Family FeudsIf there is a god, he will "lead my ex to the light" and get him the hell off this planet. In all my days, I have never encountered such an evil scum sucking man. This saga began after I married you some 19 years ago. First, we had a son and moved back in with my parents. You controlled our money and when you claimed you were paying the bills, I come to find out that you weren't and my family had to step in to help us not lose everything we own. You were such piece of shit that you were happy to have them do so. We had terrible fights and I began drinking to lessen the pain and in doing so became a full fledge alcoholic. I left you and moved back in with my family and filed for divorce. You never took an active interest in our son while we were married, but oh boy, your sure did when I left you. You fought for custody and lost but never left me alone. You paid child support when you wanted even though I needed help to afford things for our baby. Eventually, you wrestled custody from me and demanded that I pay child support. well, I am not a blood sucking shithead like you and I paid it- always and on time. I know my responsibiity.......but that wasn't enough, you continued to drag me to court for the bull shit of things which you never won.

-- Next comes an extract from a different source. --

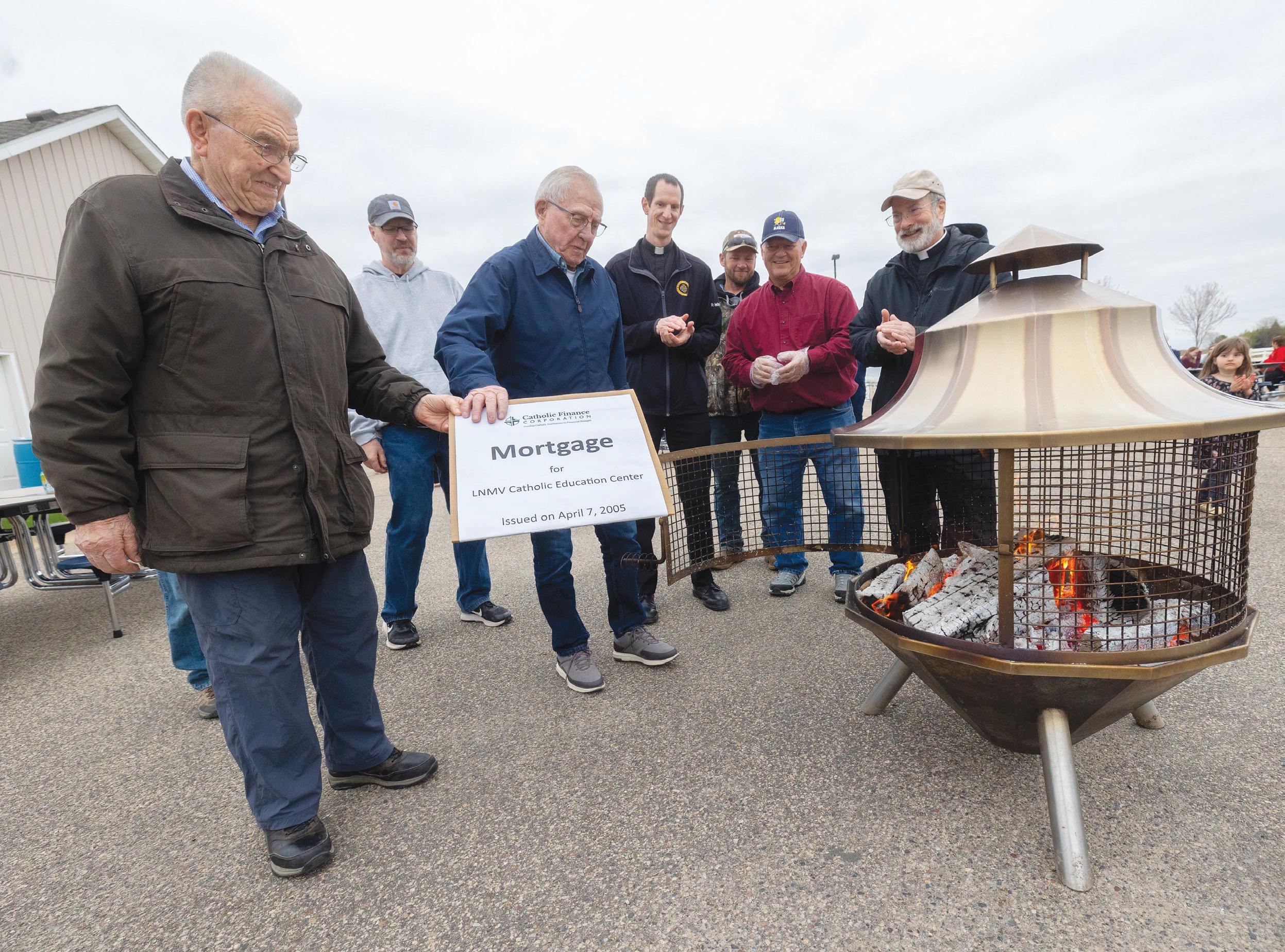 From left, Ben Zweber and Ralph Wagner together place a document representing the paid-off mortgage of Holy Cross Catholic School in Webster in a fire during a special ceremony April 28 at the school. The two men, parishioners of nearby St. Nicholas in Elko New Market, played instrumental roles in the building and financing of the school. Wagner, 90, and his late wife, Geralda, donated the 30 acres on which the school was built in 2005. Zweber, 93, and his wife, Mary, donated 160 acres to the project, which eventually was sold to developers for $3 million. Watching are Father Nick VanDenBroeke, fourth from left, pastor of Immaculate Conception in Lonsdale, and Father Michael Rudolph, far right, pastor of St. Nicholas. These two parishes, plus a third, Most Holy Trinity in Veseli, support the school. The pastor of Most Holy Trinity is Father John Lapensky, who also attended the event. The building, called Lonsdale New Market Veseli Catholic Education Center, is also used for religious education by the three parishes.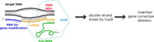 A duplex of crRNA and tracrRNA acts as guide RNA to introduce a specifically located gene modification based on the RNA 5' upstream of the crRNA. Cas9 binds the tracrRNA and needs a DNA binding sequence (5'NGG3'), which is called protospacer adjacent motif (PAM). After binding, Cas9 introduces a DNA double strand break, which is then followed by gene modification via homologous recombination (HDR) or non-homologous end joining (NHEJ).

You let years go by without even trying to get along with your son probably because you wanted me to abort him when I was pregnant. I was always there for him, for school, camp, events which you were much to busy to attend. Then you decided that he could stay with me and did not even ask or call him for 9 months while you continued to get support money and went on all your bullshit business trips. He hates you now and when I finally got back to court to get him away from you, you saw your cash cow in jeopardy. How many times does you own son have to call the cops on you? He wishes you were dead- and I don't blame him. I lost my job and you asked to have the child support INCREASED?? You crap headed piece of garbage, sad excuse for a father, and evil mother fucker.........He has only 1 month left in his prison term of living with you and he is out- he got himself an apartment, financial aid for school and is leaving..........all on his own. He talkes to me on a daily basis and if you had your brains blown out, he would not even know since he only uses your house as a bed and - news flash- if that happened, would be all too happy to run over to your house and empty if of any thing that could bring him a dollar. You get child support from me and do not spend one dime on anything for him-he is not there enough to justify paying for any electricity or water- and you can't come up with $2 a day for lunch for him?
There are no words that I can use to describe what an evil mother fucker you are- you will get yours, that I promise. Keep looking over your shoulder and carry a gun- there is a very very long list of people who would give a million dollars to see your crummy ass go through a terrible, painful and horrifying death.